* [Your goal]:
Copy word for word the lines of the records below, beginning at the one with "Premium business gift" and finishing at the one with "Mörtel läßt sich", ends included, but none of the pictures.
##### Dataset records #####
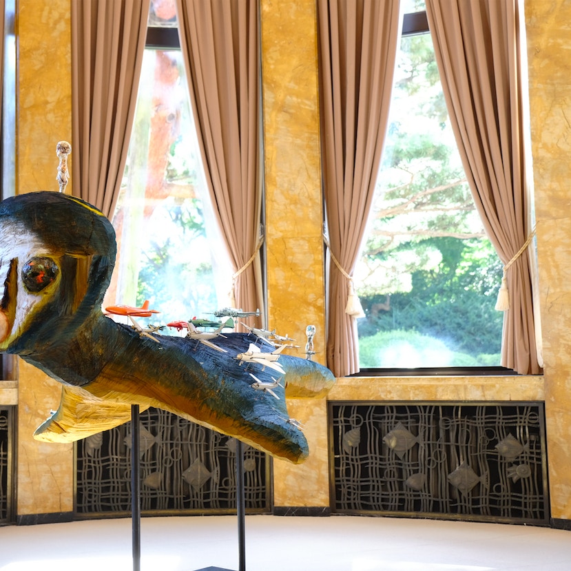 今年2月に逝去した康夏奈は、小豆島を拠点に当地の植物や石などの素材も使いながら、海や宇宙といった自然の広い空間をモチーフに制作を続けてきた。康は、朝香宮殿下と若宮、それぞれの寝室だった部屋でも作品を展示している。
#####
##### Dataset records #####
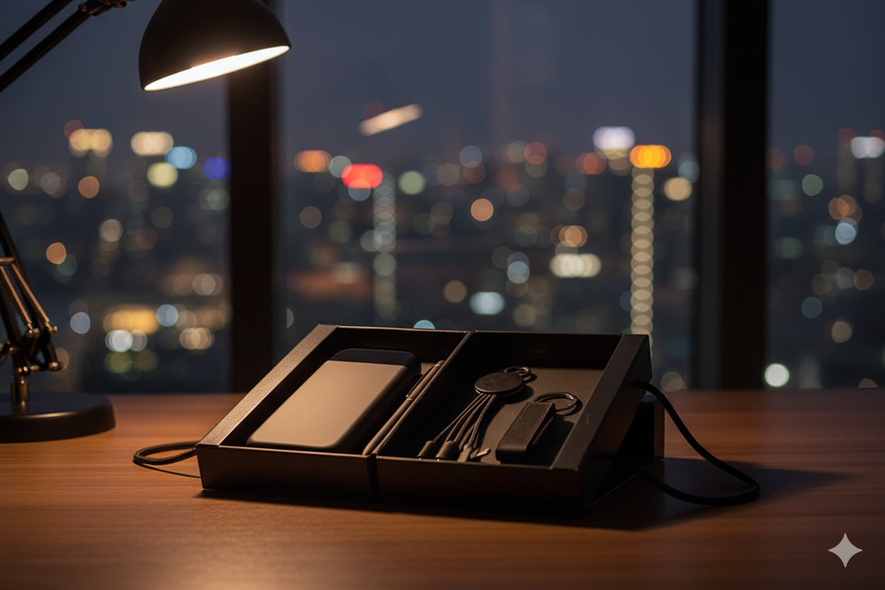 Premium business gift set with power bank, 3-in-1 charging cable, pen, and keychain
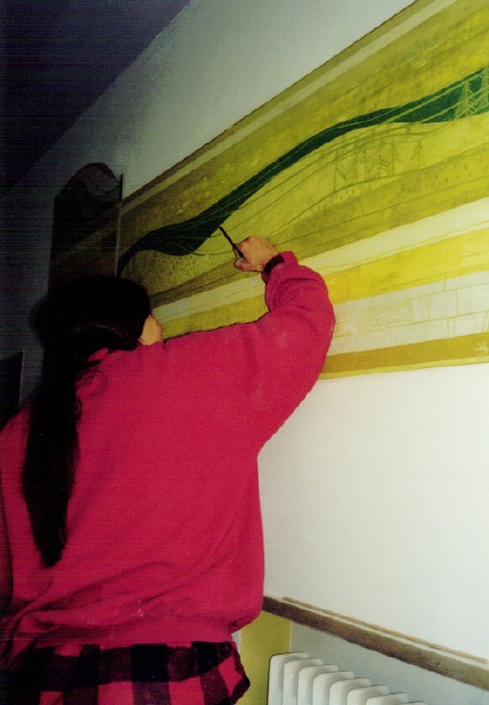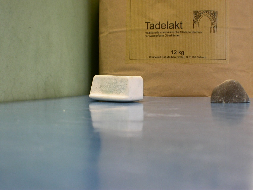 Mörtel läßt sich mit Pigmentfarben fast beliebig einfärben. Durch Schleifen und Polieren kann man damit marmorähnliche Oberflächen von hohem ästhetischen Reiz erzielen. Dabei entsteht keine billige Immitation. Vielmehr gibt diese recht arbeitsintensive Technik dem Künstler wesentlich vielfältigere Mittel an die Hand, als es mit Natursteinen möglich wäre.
#####
##### Dataset records #####
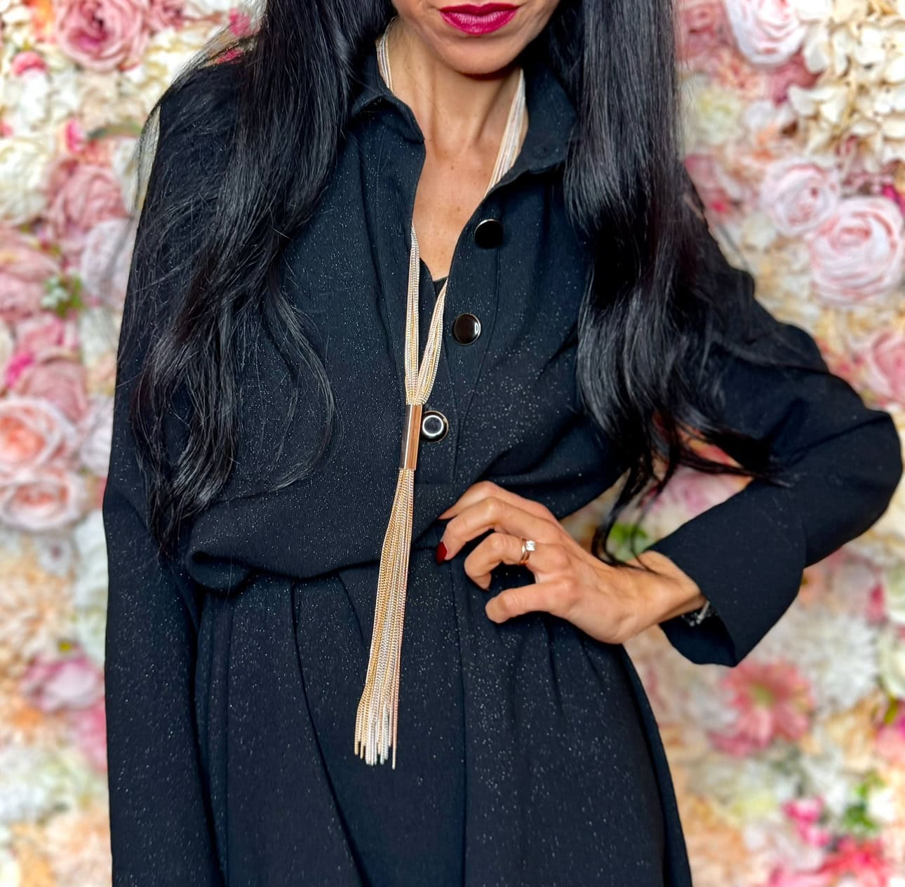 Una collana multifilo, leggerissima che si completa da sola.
#####
* [Answer to this problem]:
 Premium business gift set with power bank, 3-in-1 charging cable, pen, and keychain
 Mörtel läßt sich mit Pigmentfarben fast beliebig einfärben. Durch Schleifen und Polieren kann man damit marmorähnliche Oberflächen von hohem ästhetischen Reiz erzielen. Dabei entsteht keine billige Immitation. Vielmehr gibt diese recht arbeitsintensive Technik dem Künstler wesentlich vielfältigere Mittel an die Hand, als es mit Natursteinen möglich wäre.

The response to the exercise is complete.